**To do:**
Examine the entries and show every line in which the word "calcaneal" is found.

++++++

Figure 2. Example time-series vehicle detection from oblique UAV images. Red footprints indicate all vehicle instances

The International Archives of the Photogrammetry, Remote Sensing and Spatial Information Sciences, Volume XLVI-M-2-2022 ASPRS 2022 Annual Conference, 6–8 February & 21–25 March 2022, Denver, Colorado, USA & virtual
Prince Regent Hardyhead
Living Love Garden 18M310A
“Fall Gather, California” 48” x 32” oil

++++++

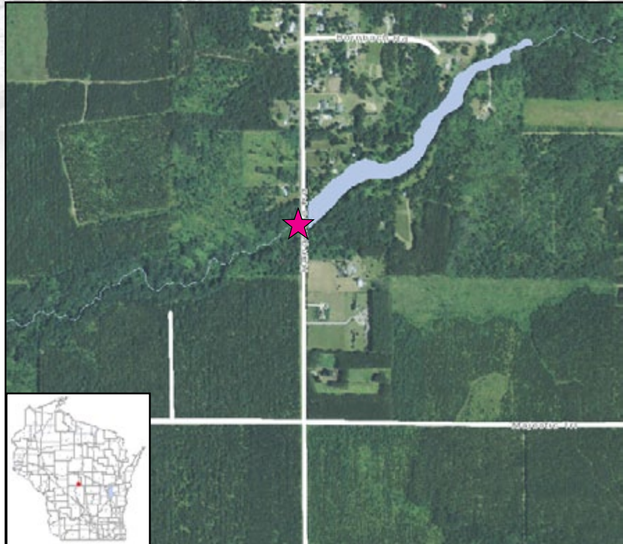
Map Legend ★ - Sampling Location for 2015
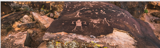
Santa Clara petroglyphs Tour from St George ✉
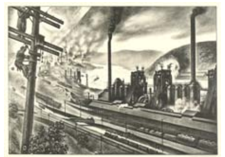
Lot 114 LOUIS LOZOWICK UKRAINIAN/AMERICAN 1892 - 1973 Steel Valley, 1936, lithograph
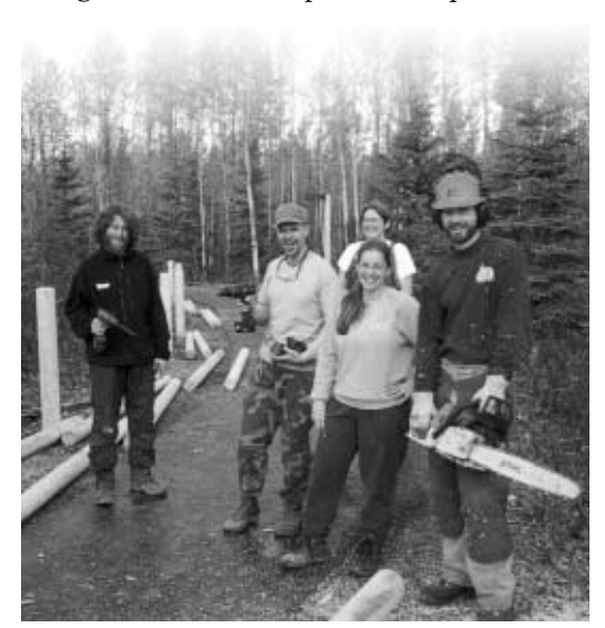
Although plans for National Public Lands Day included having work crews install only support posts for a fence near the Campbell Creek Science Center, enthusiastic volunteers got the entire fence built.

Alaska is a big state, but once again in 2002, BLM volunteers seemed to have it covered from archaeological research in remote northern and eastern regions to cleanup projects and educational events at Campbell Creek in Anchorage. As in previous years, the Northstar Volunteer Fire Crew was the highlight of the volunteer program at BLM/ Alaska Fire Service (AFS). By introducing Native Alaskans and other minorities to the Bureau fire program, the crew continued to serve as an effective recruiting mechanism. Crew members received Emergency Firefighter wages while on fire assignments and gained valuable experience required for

++++++

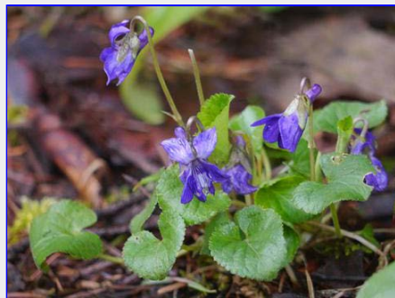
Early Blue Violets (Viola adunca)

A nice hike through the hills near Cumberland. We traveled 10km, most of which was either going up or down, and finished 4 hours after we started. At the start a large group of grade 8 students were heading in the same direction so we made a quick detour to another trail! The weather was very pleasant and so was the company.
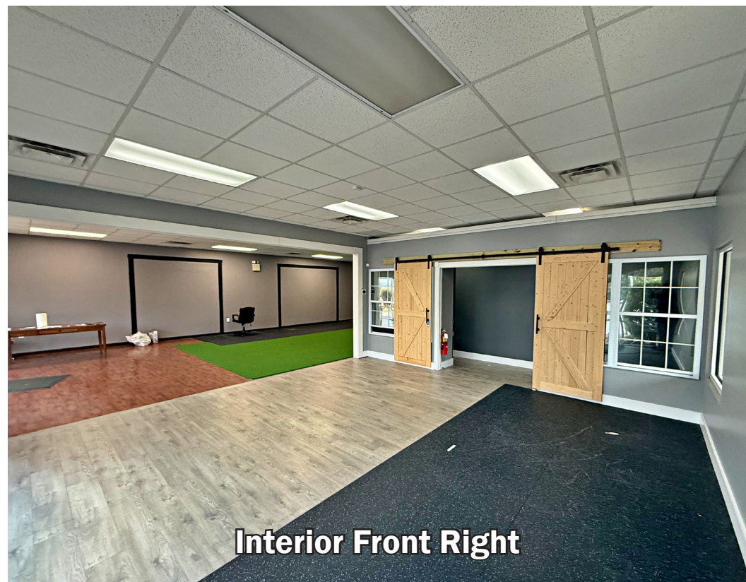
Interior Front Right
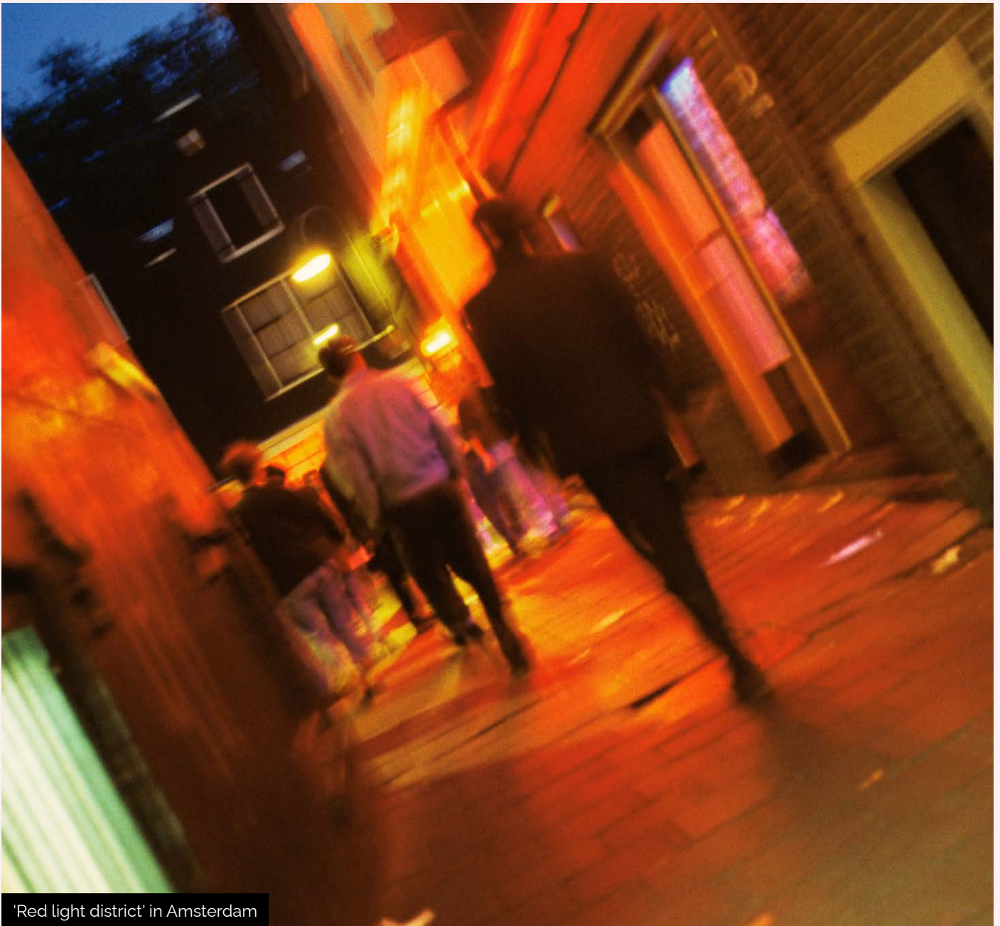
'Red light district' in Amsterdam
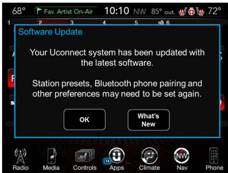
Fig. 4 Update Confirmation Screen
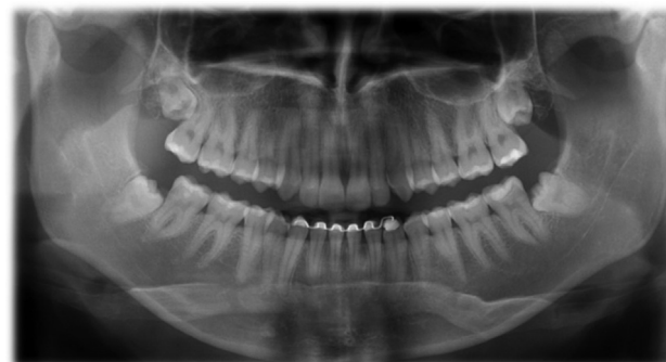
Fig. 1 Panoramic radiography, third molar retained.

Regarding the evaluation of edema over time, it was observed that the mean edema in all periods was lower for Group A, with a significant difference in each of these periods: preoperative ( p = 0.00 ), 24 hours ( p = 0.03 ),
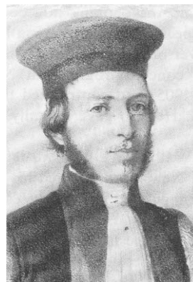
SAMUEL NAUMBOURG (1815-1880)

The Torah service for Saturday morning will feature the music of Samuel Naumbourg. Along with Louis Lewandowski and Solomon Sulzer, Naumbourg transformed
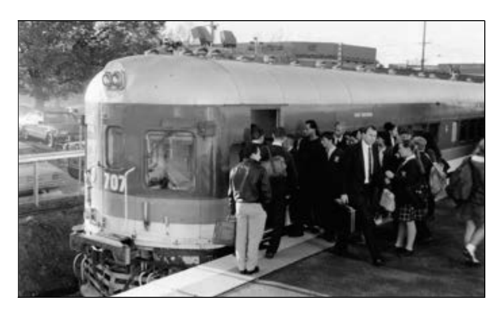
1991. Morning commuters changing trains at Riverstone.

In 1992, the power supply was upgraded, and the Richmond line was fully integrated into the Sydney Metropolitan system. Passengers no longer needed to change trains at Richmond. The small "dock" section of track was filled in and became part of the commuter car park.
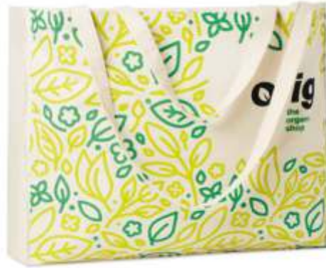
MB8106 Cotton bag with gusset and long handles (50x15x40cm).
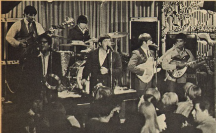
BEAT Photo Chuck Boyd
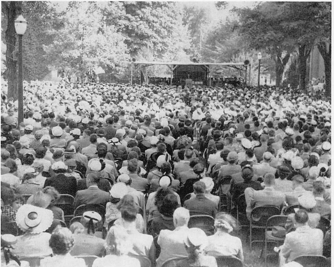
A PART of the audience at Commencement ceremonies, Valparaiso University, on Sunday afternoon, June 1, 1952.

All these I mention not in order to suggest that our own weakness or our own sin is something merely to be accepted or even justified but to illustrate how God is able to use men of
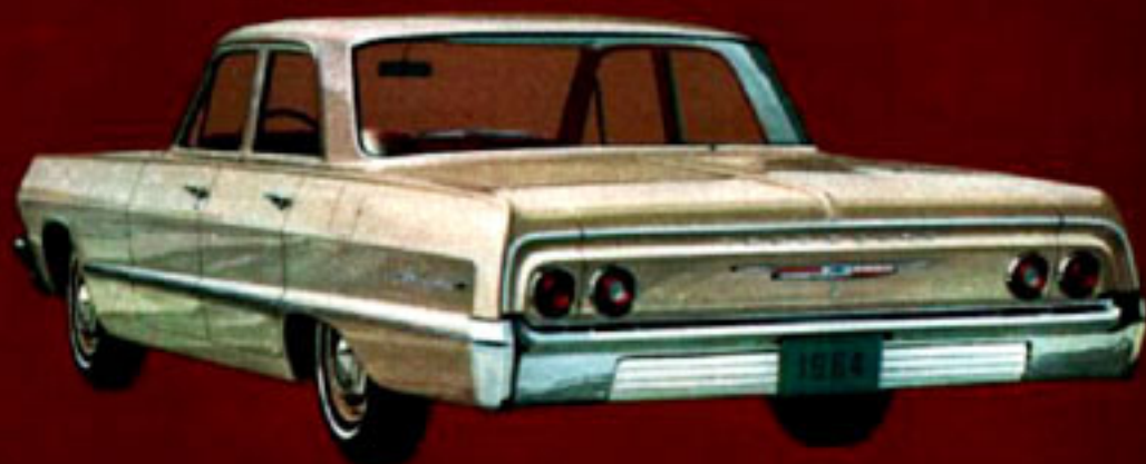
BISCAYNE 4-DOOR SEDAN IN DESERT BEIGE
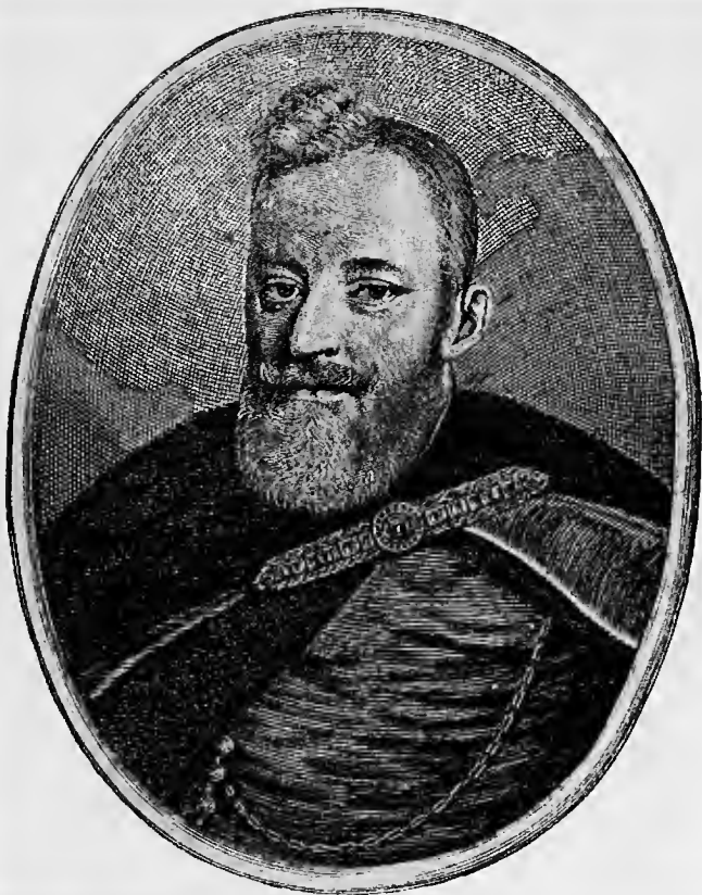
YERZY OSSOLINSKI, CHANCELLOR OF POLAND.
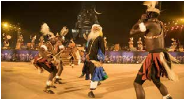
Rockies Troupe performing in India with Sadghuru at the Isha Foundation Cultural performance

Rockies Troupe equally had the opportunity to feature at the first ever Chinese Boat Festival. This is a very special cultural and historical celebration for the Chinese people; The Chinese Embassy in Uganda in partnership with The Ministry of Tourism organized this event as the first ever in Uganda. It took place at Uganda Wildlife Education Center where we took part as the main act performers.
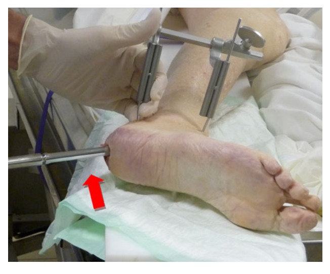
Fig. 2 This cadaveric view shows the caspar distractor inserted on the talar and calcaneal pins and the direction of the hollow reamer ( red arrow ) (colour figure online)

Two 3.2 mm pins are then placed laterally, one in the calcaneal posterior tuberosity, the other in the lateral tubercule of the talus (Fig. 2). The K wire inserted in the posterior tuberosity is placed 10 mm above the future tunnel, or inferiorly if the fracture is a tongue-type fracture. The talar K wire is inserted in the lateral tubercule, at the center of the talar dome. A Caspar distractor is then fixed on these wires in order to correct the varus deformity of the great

++++++

**Solution for this task:**
Fig. 2 This cadaveric view shows the caspar distractor inserted on the talar and calcaneal pins and the direction of the hollow reamer ( red arrow ) (colour figure online)
Two 3.2 mm pins are then placed laterally, one in the calcaneal posterior tuberosity, the other in the lateral tubercule of the talus (Fig. 2). The K wire inserted in the posterior tuberosity is placed 10 mm above the future tunnel, or inferiorly if the fracture is a tongue-type fracture. The talar K wire is inserted in the lateral tubercule, at the center of the talar dome. A Caspar distractor is then fixed on these wires in order to correct the varus deformity of the great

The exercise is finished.